Monday, May 23, 2011

Being a Gracious Gift Receiver

Engagements begin an onslaught of gift buying and receiving. Which end of the process you are on often depends on who you are in the wedding scenario. If you are a bride or groom, you may be up to your nuptials in wrapping paper. Most of the gifts to you will be from family and friends. However, many couples give gifts to each other, and therein lies the potential for a great token of love to be offered and received -- or feelings to be hurt intensely at an already emotionally-charged time.

In my experience (and after so many years, it is vast and varied)women tend to be the worst offenders when it comes to being lousy recipients of presents. There is a tendency to be a critic of what is being offered, and to ignore the intent of the giver. Of particular annoyance to me is the unrealistic expectation of many brides (probably spurred on by television commercials and the often predatory "wedding industry") over the appropriate size and cost of engagement rings. An engagement ring is a gift. It is a token of love and affection. Being a pill about carat size is not just ungracious -- it's greedy.

I knew one groom who spent weeks shopping for and outfitting a toolbox for his fiancee to carry with her in the trunk of her car when she traveled. He humbled himself and bought "cute" tools, and all kinds of road flares, reflectors, etc.

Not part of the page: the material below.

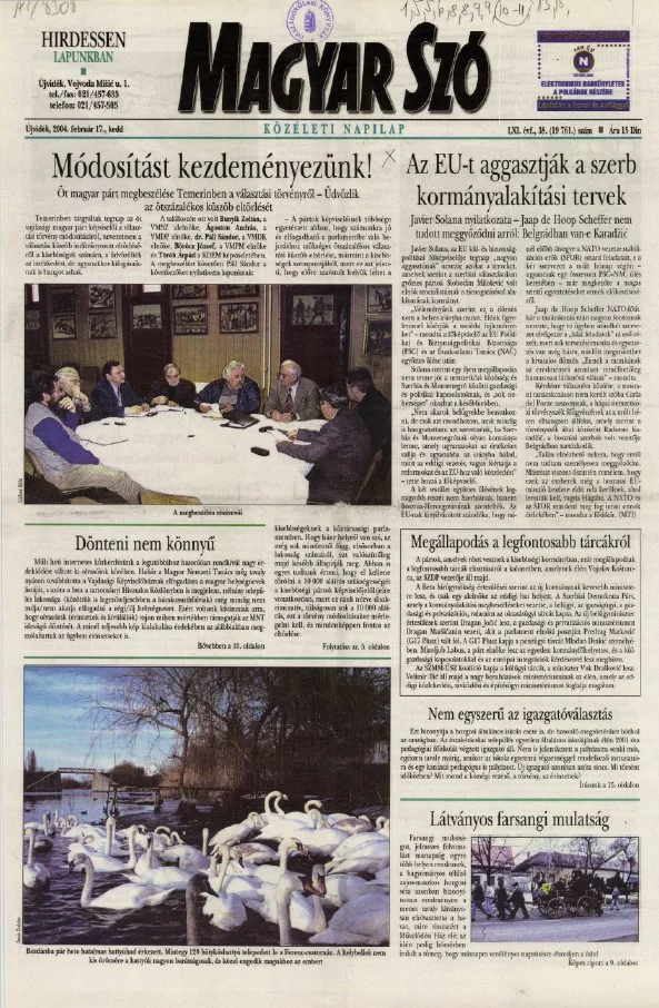 Magyar Szó, 61. évf. 2004. február 17. 38. sz. 1–20. oldal

His underlying message was, "I want you to be safe and taken care of no matter where you are." Fortunately, his bride understood his intention, and made a big fuss (in the good sense) over his gift. He loved her, he showed it in his efforts, and she responded with love in return. That's the way it's supposed to go.

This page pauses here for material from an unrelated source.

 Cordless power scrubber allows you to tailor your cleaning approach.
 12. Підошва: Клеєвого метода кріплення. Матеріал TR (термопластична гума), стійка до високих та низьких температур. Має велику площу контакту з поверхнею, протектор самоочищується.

It's a rough world, and the way we pay tribute to each other is incredibly important. Try to be sensitive to the underlying motive and message of what your beloved selects not only for an engagement or wedding gift -- but for anniversary presents, Mothers Day, birthdays, etc. I think the saddest words I ever hear anybody say about a spouse -- and one's that are a heads-up for potential problems later on -- are, "She/he never likes anything I do."